Database Performance Tuning

Summary

This experiment investigates database performance tuning. Plackett-Burman screening of 6 PostgreSQL parameters with 2 replicate blocks.

The design varies 6 factors: shared buffers (MB), ranging from 256 to 1024, work mem (MB), ranging from 4 to 64, max connections, ranging from 50 to 200, effective cache (MB), ranging from 512 to 4096, wal level, ranging from minimal to replica, and checkpoint timeout (sec), ranging from 60 to 900. The goal is to optimize 2 responses: throughput (tps) (maximize) and p99 latency (ms) (minimize). Fixed conditions held constant across all runs include pg version = 16, storage = nvme.

A Plackett-Burman screening design was used to efficiently test 6 factors in only 16 runs. This design assumes interactions are negligible and focuses on identifying the most influential main effects.

Key Findings

For throughput, the most influential factors were max connections (43.1%), work mem (17.6%), wal level (16.7%). The best observed value was 6654.0 (at shared buffers = 256, work mem = 4, max connections = 200).

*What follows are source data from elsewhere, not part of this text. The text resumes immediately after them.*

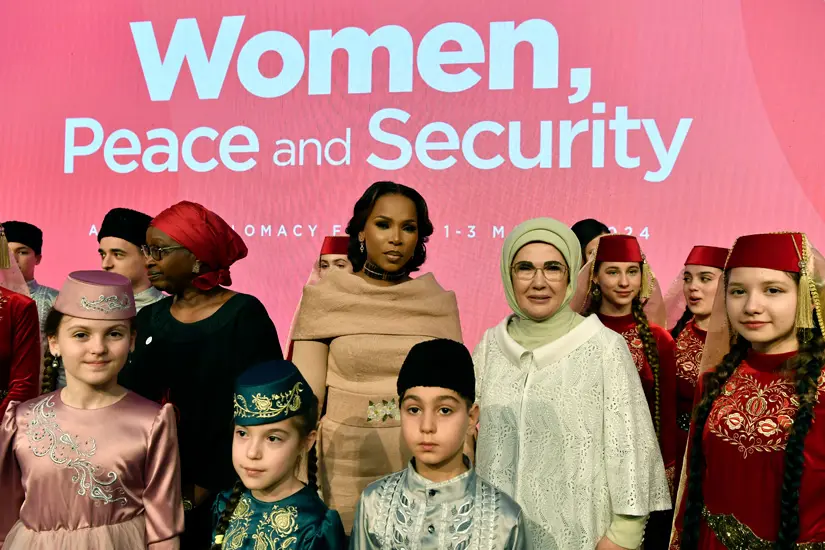 Savaşın derinden etkilediği kadınların, barış için söyleyecek çok sözünün olduğuna dikkati çeken Emine Erdoğan, şu değerlendirmelerde bulundu: "Büyük bir incelikle inşa ettiği yuvası yanıp küle dönen, canından parça evladının acısını gören, kök saldığı toprakları terk etmek zorunda kalan kadınlar barışın kıymetini herkesten çok daha iyi bilir. Bu konuda, 24 yıl önce, küresel bir irade ortaya konmuş; Birleşmiş Milletler Güvenlik Konseyi'nin 1325 sayılı kararı ile kadınların, barış süreçlerine katılımı güvence altına alınmıştı. Ancak ne yazık ki çatışmanın birincil mağduru, toplumların inşasının ana aktörü olan kadınların arabuluculuk ve barış süreçlerine etkin bir şekilde dâhil edilmediğini görüyoruz. Oysa araştırmalar, kadınlar sürece dâhil olduğunda uzlaşma olasılığının yükseldiğini ve barışın daha uzun soluklu hâle geldiğini gösteriyor. Kadınların, farklı gruplarla iş birliği yapma ve birlikte çalışmaya yatkın tabiatı ve sosyal meselelere olan duyarlılıkları, barış süreçlerindeki başarı şansını artırıyor. Unutmamalıyız ki kalıcı ve sürdürülebilir bir barış, kimsenin geride bırakılmadığı bir süreçten doğar. Bilhassa, toplumun temel ve dönüştürücü bir parçası olan kadınların dâhil edilmediği bir barış sürecinin başarı ile sonuçlanması beklenemez. Bu nedenle, diplomasiyi öne çıkarırken kadınların karar verici noktalarda olduğuna emin olmalıyız."
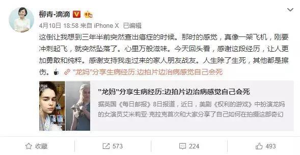 過去幾個(gè)月,柳青在朋友圈和微博上的公開表達(dá)逐漸增多。就在一周前,柳青還曾發(fā)微博回憶此前身患癌癥的經(jīng)歷,感慨“人生除了生死,其他都是擦傷。”并表示自己非常感謝這段的經(jīng)歷,讓人更加勇敢和純粹。
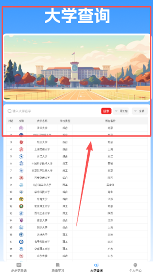 4、大学查询模块使用户能够便捷获取全国高校的信息,了解各自特点与招生情况,进行理性的选校。
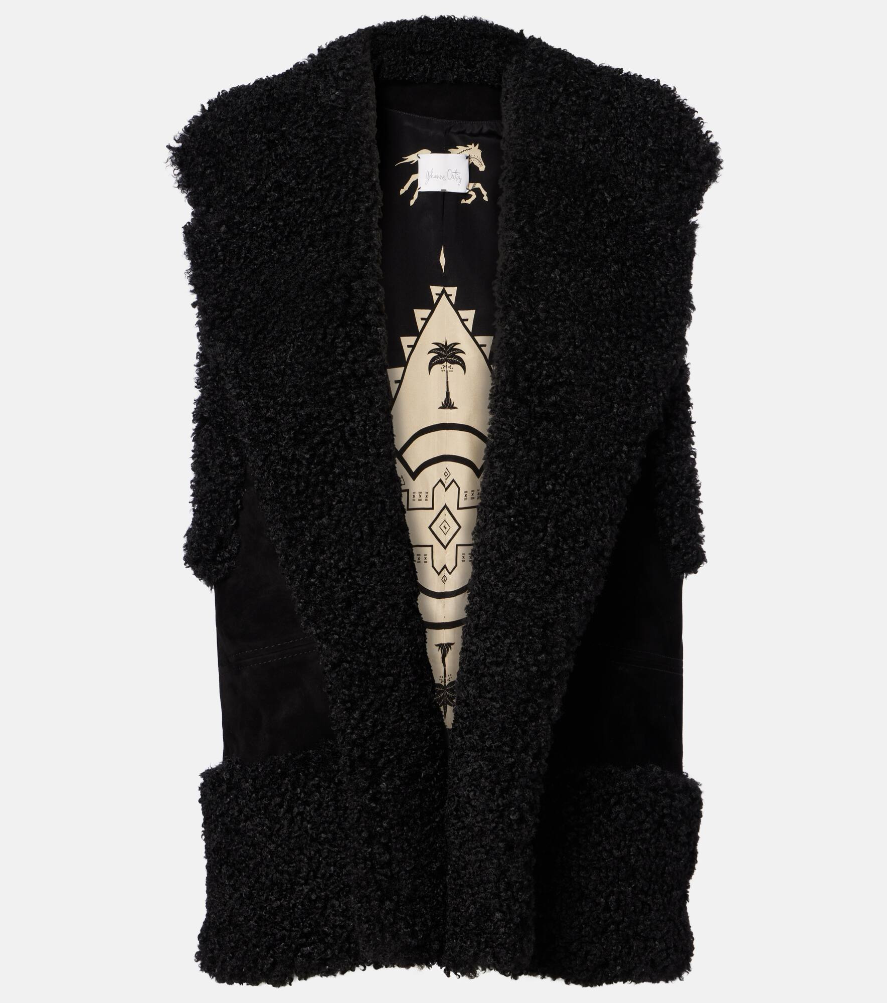 Primed for effortless layering, this vest from Johanna Ortiz is a piece you'll love season after season. The style is meticulously crafted from suede and is complete with plush shearling trims and side pockets. Product Details - Material: 70% goat leather, 30% polyester (recycled) - Care instructions: specialist clean - Made in Colombia - Designer color name: Black - Item color: black - Pockets: side slit pockets - Closure: open front - Item number: P01052003 Size & Fit - True to size - Designed for a loose fit - Non-stretchy fabric - Falls below the hip - The model seen in the picture is 178cm-5'10" and wearing a size XS

For p99 latency, the most influential factors were max connections (38.8%), wal level (18.0%), shared buffers (16.8%). The best observed value was 7.1 (at shared buffers = 256, work mem = 64, max connections = 50).

Recommended Next Steps

Follow up with a response surface design (CCD or Box-Behnken) on the top 3–4 factors to model curvature and find the true optimum.
Consider whether any fixed factors should be varied in a future study.
The screening results can guide factor reduction — drop factors contributing less than 5% and re-run with a smaller, more focused design.

The Scenario

You are tuning a PostgreSQL database for an OLTP workload. There are 6 configuration parameters to investigate, but running benchmarks is time-consuming. A full factorial would require 64 runs — way too many. Plackett-Burman gives you the answer in 8 base runs, replicated across 2 blocks for 16 total.

ℹ

Why Plackett-Burman with Blocking?

PB gives 8 runs for 6 factors (N+1 rounded to multiple of 4). With block_count: 2, you get 16 total runs and can assess run-to-run variability. If the same factors dominate in both blocks, the finding is robust.

Experimental Setup

Factors

Factor	Low	High	Unit
`shared_buffers`	256	1024	MB
`work_mem`	4	64	MB
`max_connections`	50	200	—
`effective_cache`	512	4096	MB
`wal_level`	minimal	replica	—
`checkpoint_timeout`	60	900	sec

Fixed: pg_version = 16, storage = nvme

Responses

Response	Direction	Unit
`throughput`	↑ maximize	tps
`p99_latency`	↓ minimize	ms

Experimental Matrix

The Plackett-Burman Design produces 16 runs. Each row is one experiment with specific factor settings.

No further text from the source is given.